Department of Defence

In high school Flying Officer Ally McPherson realised she didn’t share the same interest in boys as her friends.

“I kind of always had a feeling growing up but it took me a long time to understand it,” she said.

In her early 20s she got into a relationship with one of her close female friends.

Her parents would joke about them spending lots of time together and ask if they were anything more than friends.

“I ended up saying, ‘yeah, actually, we are’,” Flying Officer McPherson said.

“My friends and family were supportive.”

She joined Air Force in 2019 as an air traffic controller, feeling the organisation was supportive of the LGBTIQ+ community.

“That was a big driving factor for me,” Flying Officer McPherson said.

“When I first joined, I was worried to be out there from the beginning in case that was all that was seen.

“I wanted people to get to know me, as Ally, before I felt comfortable to share this part of me.”

Flying Officer McPherson explained that it is still an ongoing process.

“I’m much more open about it but I’m definitely not all the way there yet,” she said.

“Every time I meet someone new or am part of a new group, there’s a realisation that I am going to have to ‘come out’ again.

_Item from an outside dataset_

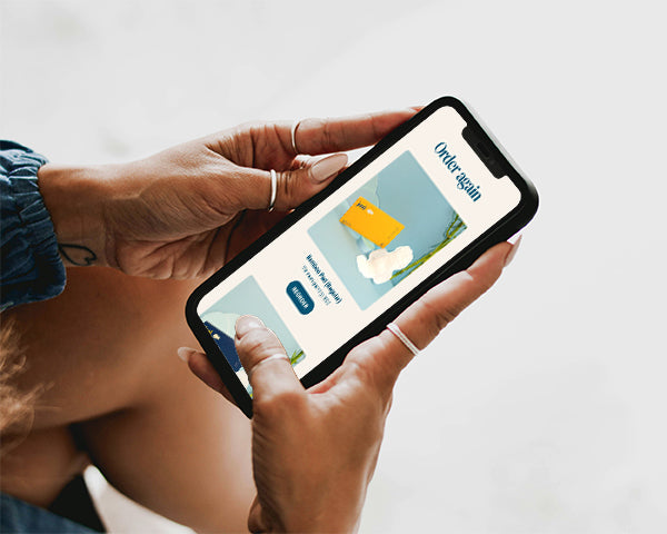 Log into your commercial account to quickly stock up on plastic-free, individual pads and tampons—no bulky boxes, no extra waste.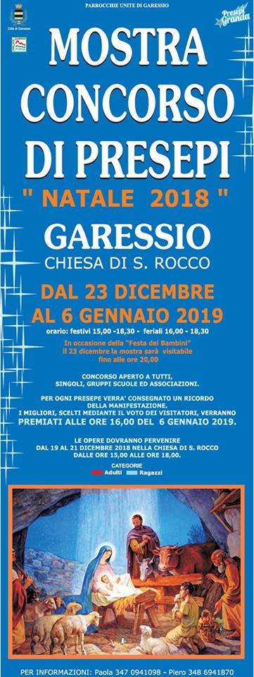 Dal 23 dicembre 2018 al 6 gennaio 2019 sarà possibile visitare la “Mostra concorso di presepi”, concorso aperto a tutti, singoli, gruppi, scuole ed associazione, che si svolgerà presso la Chiesa di S. Rocco (Borgo Ponte) con il seguente orario:

No matter how many times you do it, it can be daunting.

“It has nothing to do with Defence per se but a general human hesitation about not being accepted by the group.”

She was inspired to participate in this year’s Mardi Gras after her involvement with Defence LGBTIQ+ Information Service (DEFGLIS) and the Top End Pride march last year.

The march is a celebration that takes place in Darwin, showcasing the diversity and inclusivity of the LGBTIQ+ community.

It was an opportunity to represent the ADF and individuals from various backgrounds to promote equality, love and acceptance.

Through connections and friendships she has made through DEFGLIS and her experience during Top End Pride, she realised that being queer was a big part of her identity and something she should be proud to share.

“I feel like part of the community and it is helping to give me the confidence to be who I am, unapologetically,” she said.

Flying Officer McPherson thinks it’s beneficial to be around individuals who enable you to feel comfortable being your authentic self.

“You can be you, and Defence is a really good place for that,” she said.